警察に確認しても、さくらの捜索願いは出ておらず、仕方なくさくらはそのままここでお世話になることになった。

「俺は、神代 北斗。おじいと二人暮らしなんだ。しばらくはここでのんびり過ごしたらいいよ。とにかく、あまり思い詰めないように、穏やかにね」

そう言って笑いかける北斗に、さくらもホッとして頷く。

二人暮らしの割に屋敷はとても広くて、部屋がいくつあるのか把握出来ないほどだった。

北斗はデパートの外商を呼んで、所持品が何もなかったさくらに、衣類や身の回りの物を揃えてくれた。

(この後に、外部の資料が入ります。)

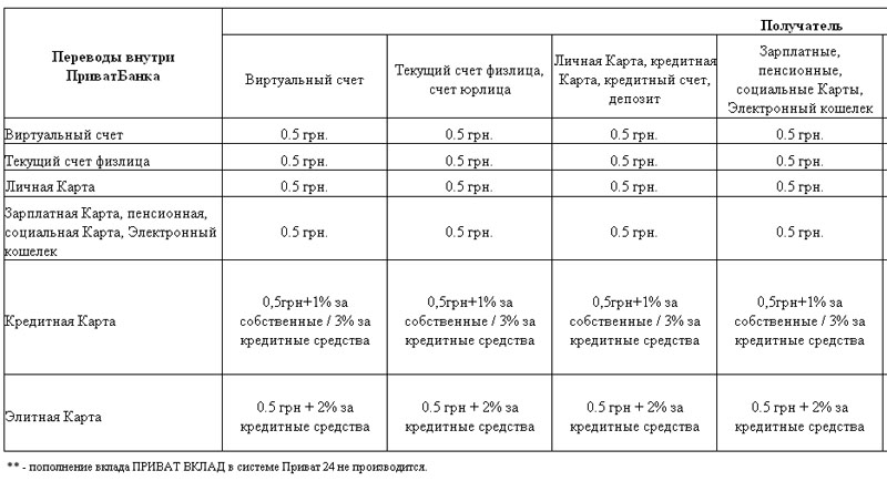 Почему не пытался, общаюсь с 13:00, ссылаются на это. Но там Перевод между "своими" счетами, Зарплатная карта, пенсионная, социальная карта, Электронный кошелек*, под *При нецелевом пополнении зараплатных, пенсионных, социальных карт, выпущенных ПриватБанком ,с получателя средств взимается комиссия в размере 1% от суммы платежа.
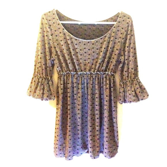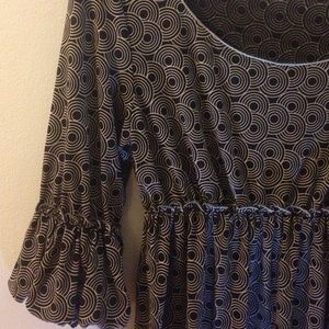 Great quality top with a very nice feel. Cute circle pattern in black and cream . Baby doll style with cute 3/4 sleeves.

さくらはひたすら恐縮し、いずれ記憶が戻れば必ずお支払いしますと言ったが、気にすることはない、と軽く聞き流された。

せめてこれくらいは、と、掃除や料理、洗濯などの家事をする。

北斗は小さな会社を経営しているらしく、朝から昼過ぎまで5時間ほど事務所に出かけて行くが、帰ってくると大抵ダイニングテーブルで仕事をしていた。

コーヒーを持っていくと、ありがとうと、にっこり笑顔を向けてくれる。

さくらは、少しずつ不安や緊張から開放されていった。